PROBLEM:
The pictures are to be left out when the listing below is reproduced word for word.

DATA SEGMENT:
════

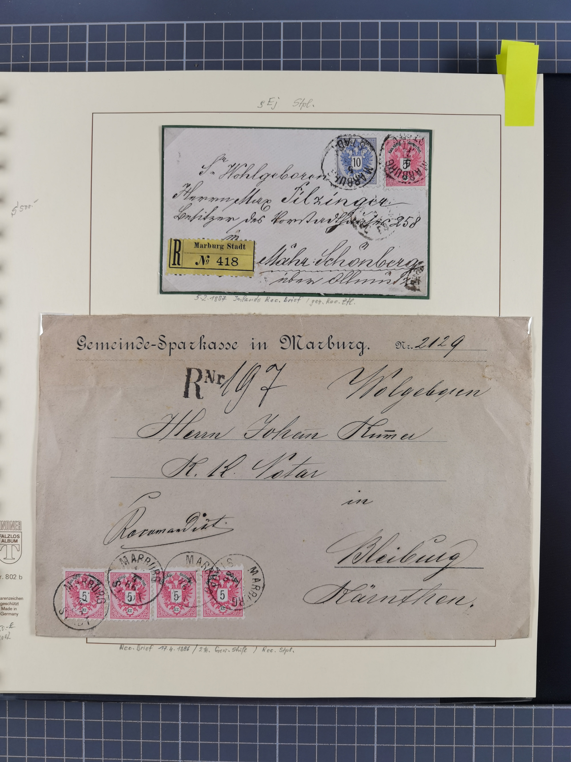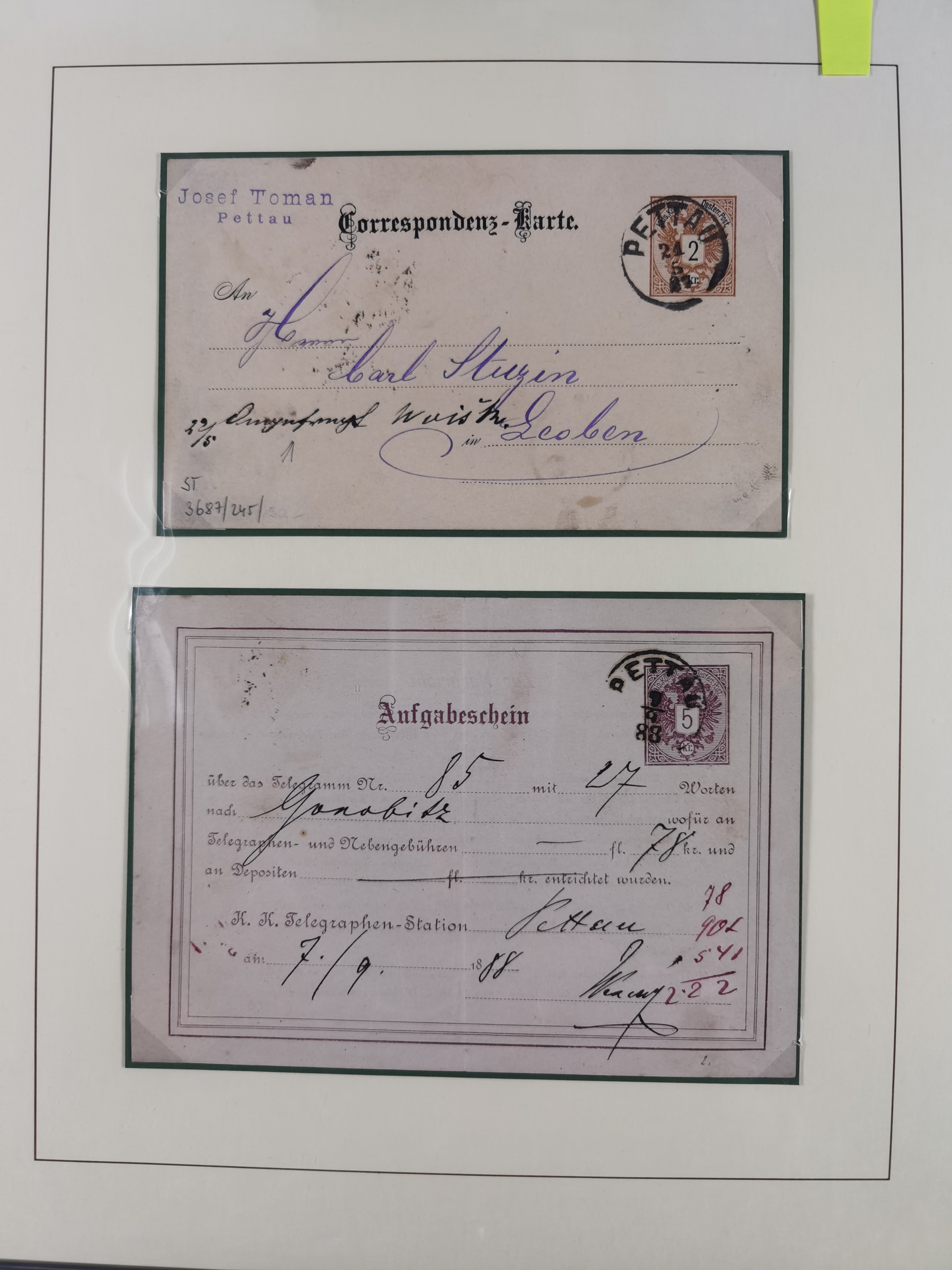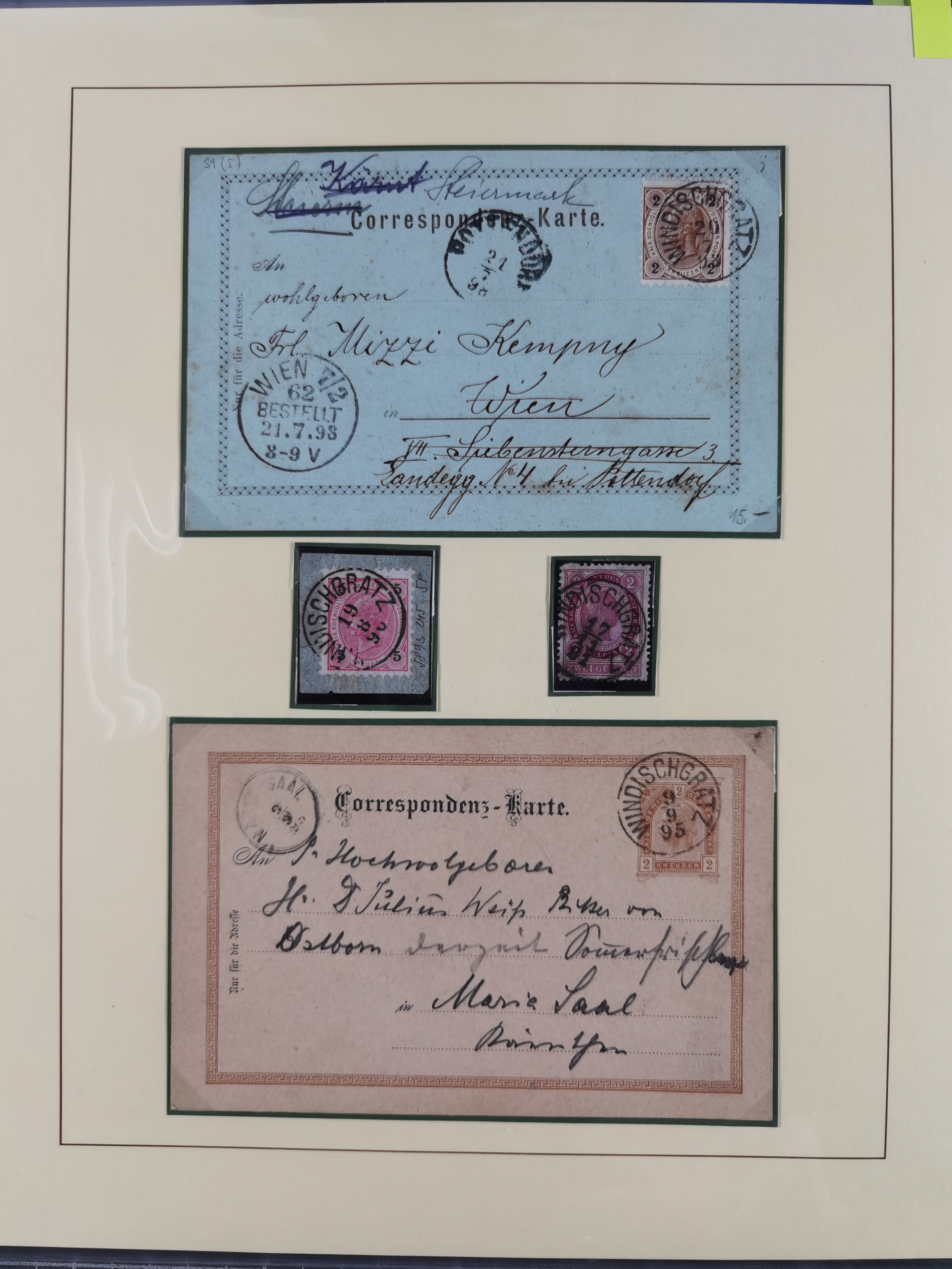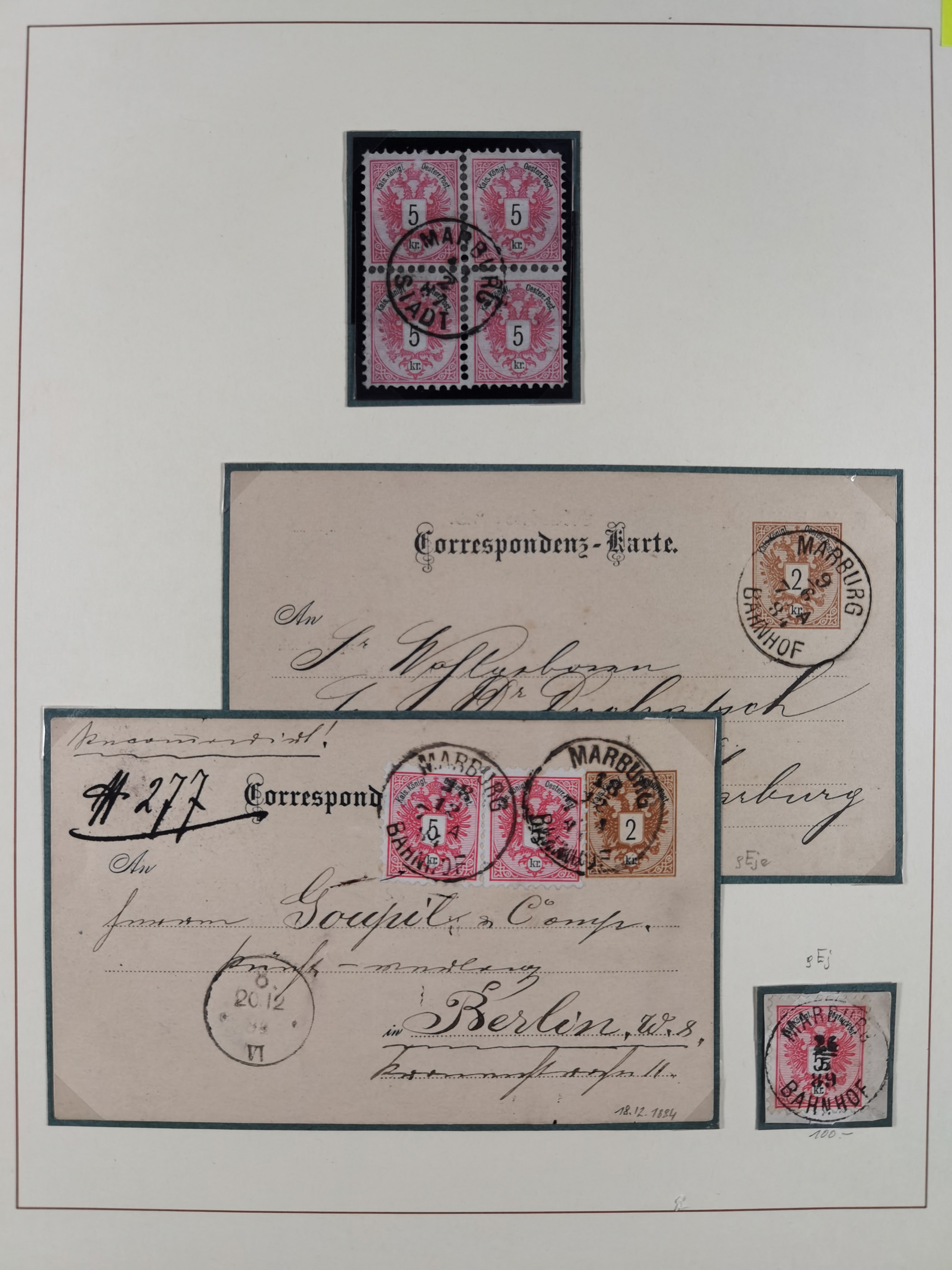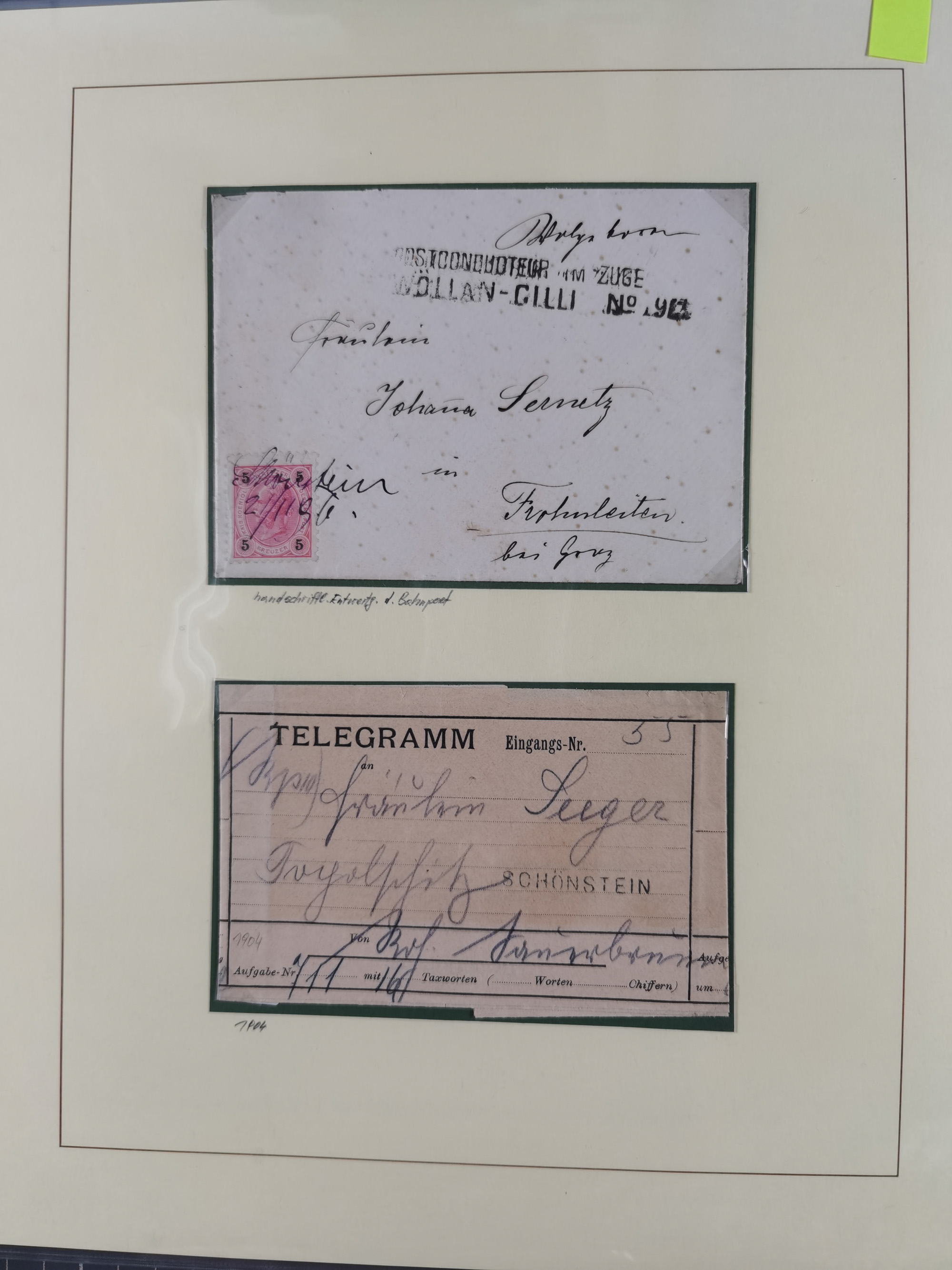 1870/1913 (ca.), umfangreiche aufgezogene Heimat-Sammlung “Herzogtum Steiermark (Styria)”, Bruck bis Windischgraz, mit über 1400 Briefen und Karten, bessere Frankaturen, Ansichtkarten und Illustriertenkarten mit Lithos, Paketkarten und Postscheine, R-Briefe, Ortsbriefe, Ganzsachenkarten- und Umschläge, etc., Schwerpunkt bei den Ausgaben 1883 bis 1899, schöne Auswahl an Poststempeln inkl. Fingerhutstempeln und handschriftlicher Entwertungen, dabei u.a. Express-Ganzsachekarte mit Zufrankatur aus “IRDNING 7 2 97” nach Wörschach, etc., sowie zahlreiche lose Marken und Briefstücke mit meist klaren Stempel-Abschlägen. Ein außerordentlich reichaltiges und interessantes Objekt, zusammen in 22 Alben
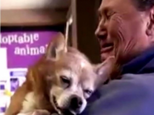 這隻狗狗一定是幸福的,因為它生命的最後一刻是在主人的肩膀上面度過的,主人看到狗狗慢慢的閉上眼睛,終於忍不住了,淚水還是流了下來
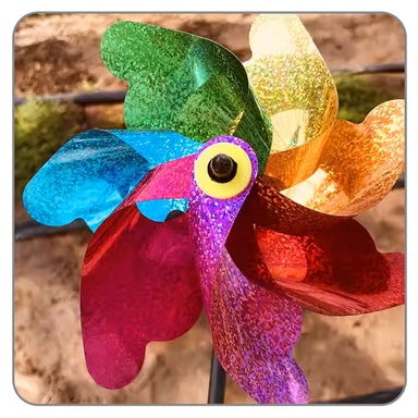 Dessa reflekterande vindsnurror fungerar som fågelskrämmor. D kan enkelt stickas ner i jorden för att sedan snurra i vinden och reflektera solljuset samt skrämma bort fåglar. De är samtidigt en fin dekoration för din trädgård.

════

EXERCISE RESPONSE:
 1870/1913 (ca.), umfangreiche aufgezogene Heimat-Sammlung “Herzogtum Steiermark (Styria)”, Bruck bis Windischgraz, mit über 1400 Briefen und Karten, bessere Frankaturen, Ansichtkarten und Illustriertenkarten mit Lithos, Paketkarten und Postscheine, R-Briefe, Ortsbriefe, Ganzsachenkarten- und Umschläge, etc., Schwerpunkt bei den Ausgaben 1883 bis 1899, schöne Auswahl an Poststempeln inkl. Fingerhutstempeln und handschriftlicher Entwertungen, dabei u.a. Express-Ganzsachekarte mit Zufrankatur aus “IRDNING 7 2 97” nach Wörschach, etc., sowie zahlreiche lose Marken und Briefstücke mit meist klaren Stempel-Abschlägen. Ein außerordentlich reichaltiges und interessantes Objekt, zusammen in 22 Alben
 這隻狗狗一定是幸福的,因為它生命的最後一刻是在主人的肩膀上面度過的,主人看到狗狗慢慢的閉上眼睛,終於忍不住了,淚水還是流了下來
 Dessa reflekterande vindsnurror fungerar som fågelskrämmor. D kan enkelt stickas ner i jorden för att sedan snurra i vinden och reflektera solljuset samt skrämma bort fåglar. De är samtidigt en fin dekoration för din trädgård.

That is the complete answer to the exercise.